* **Work request**
Once "Gothic Palace Black" turns up in a line below, reproduce that line and those after it exactly, stopping after the line with "Temática: Nicaragua. Audiencia, Año"; leave pictures out.

* **Exercise materials**
"""
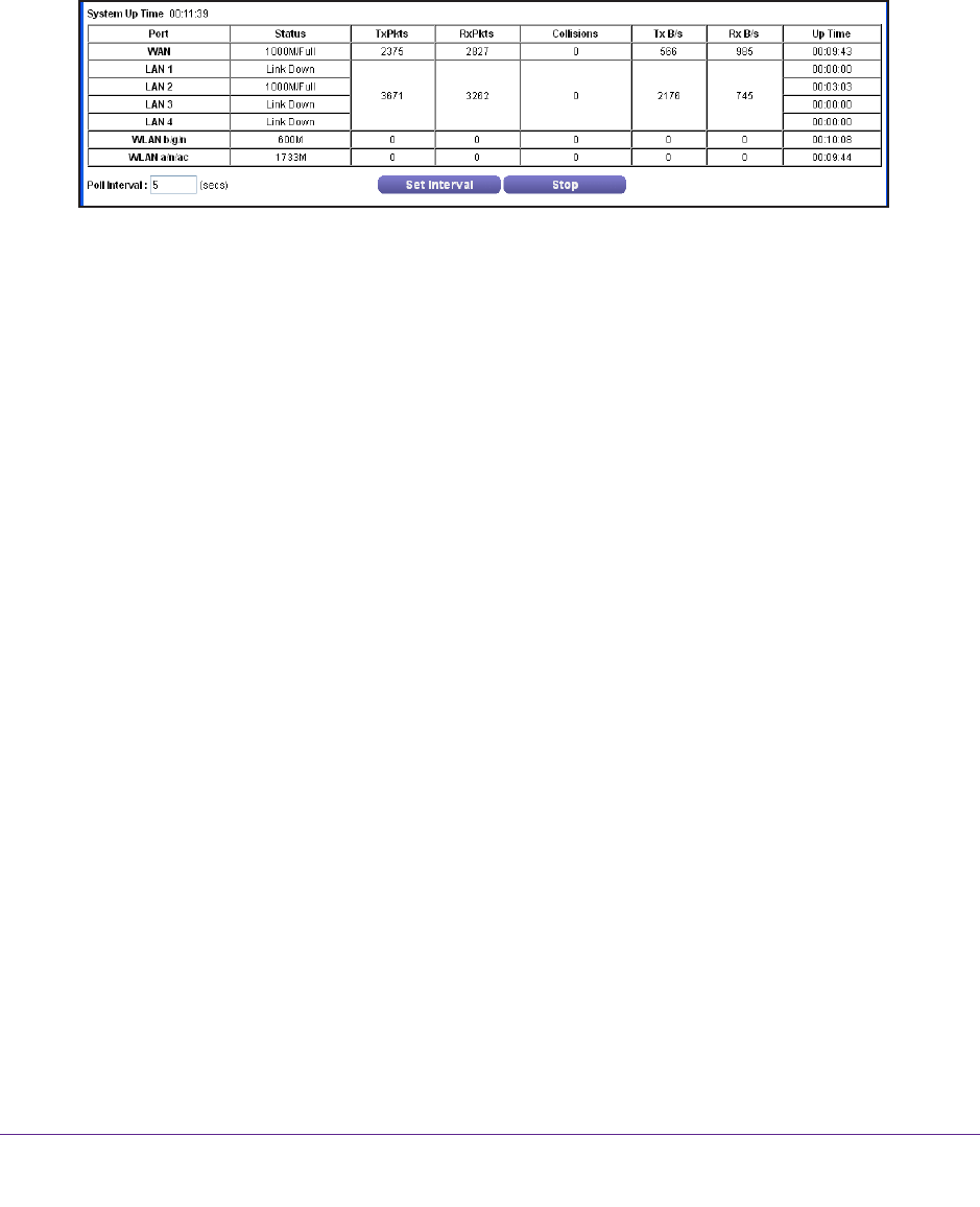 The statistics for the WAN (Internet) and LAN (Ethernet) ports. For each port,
"""
"""
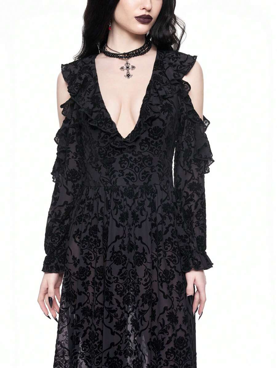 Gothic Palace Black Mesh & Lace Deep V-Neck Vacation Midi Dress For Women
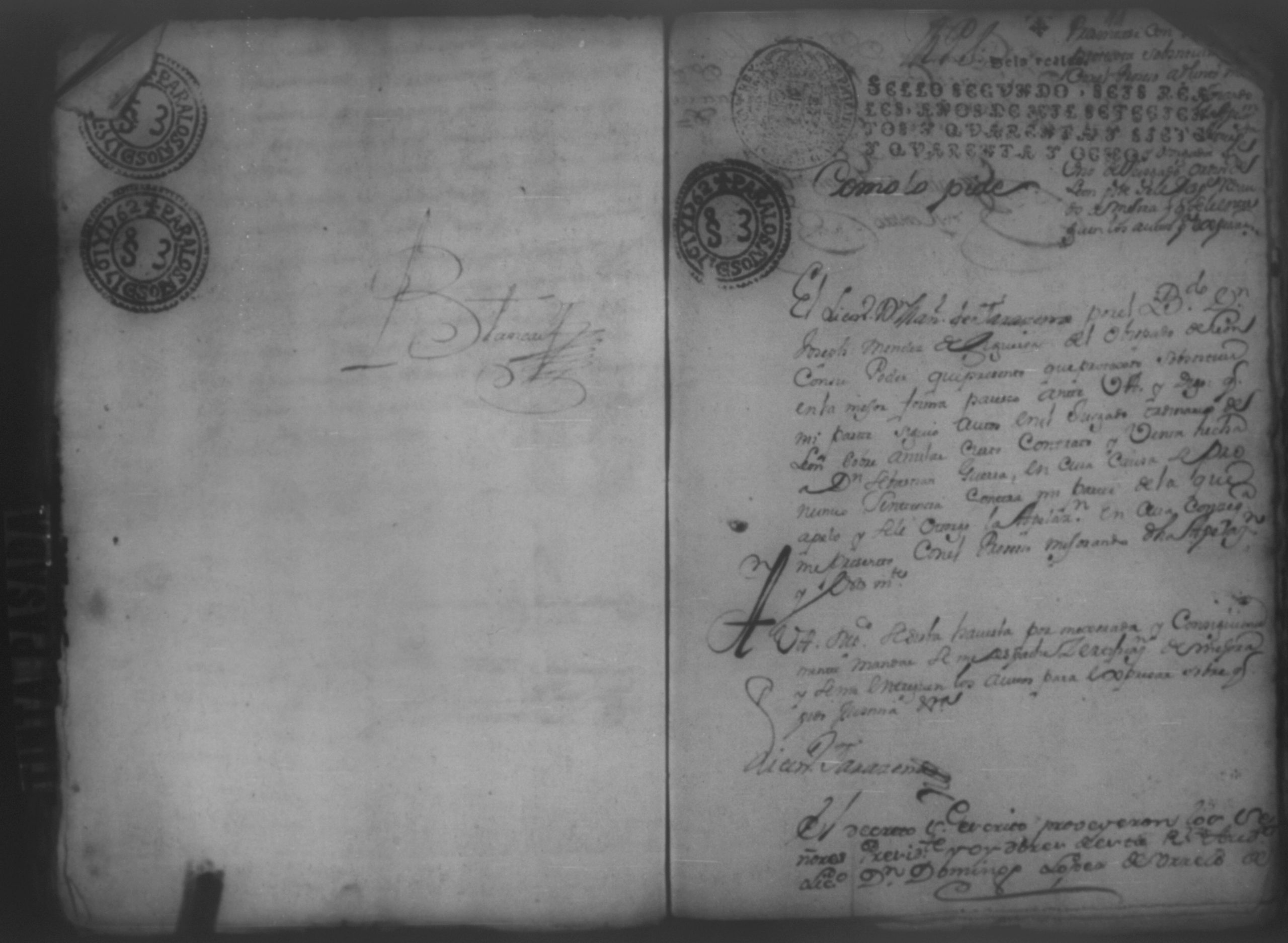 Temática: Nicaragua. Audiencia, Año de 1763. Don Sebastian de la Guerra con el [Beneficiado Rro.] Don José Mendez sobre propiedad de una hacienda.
"""
* **Solution to the problem**
 Gothic Palace Black Mesh & Lace Deep V-Neck Vacation Midi Dress For Women
 Temática: Nicaragua. Audiencia, Año de 1763. Don Sebastian de la Guerra con el [Beneficiado Rro.] Don José Mendez sobre propiedad de una hacienda.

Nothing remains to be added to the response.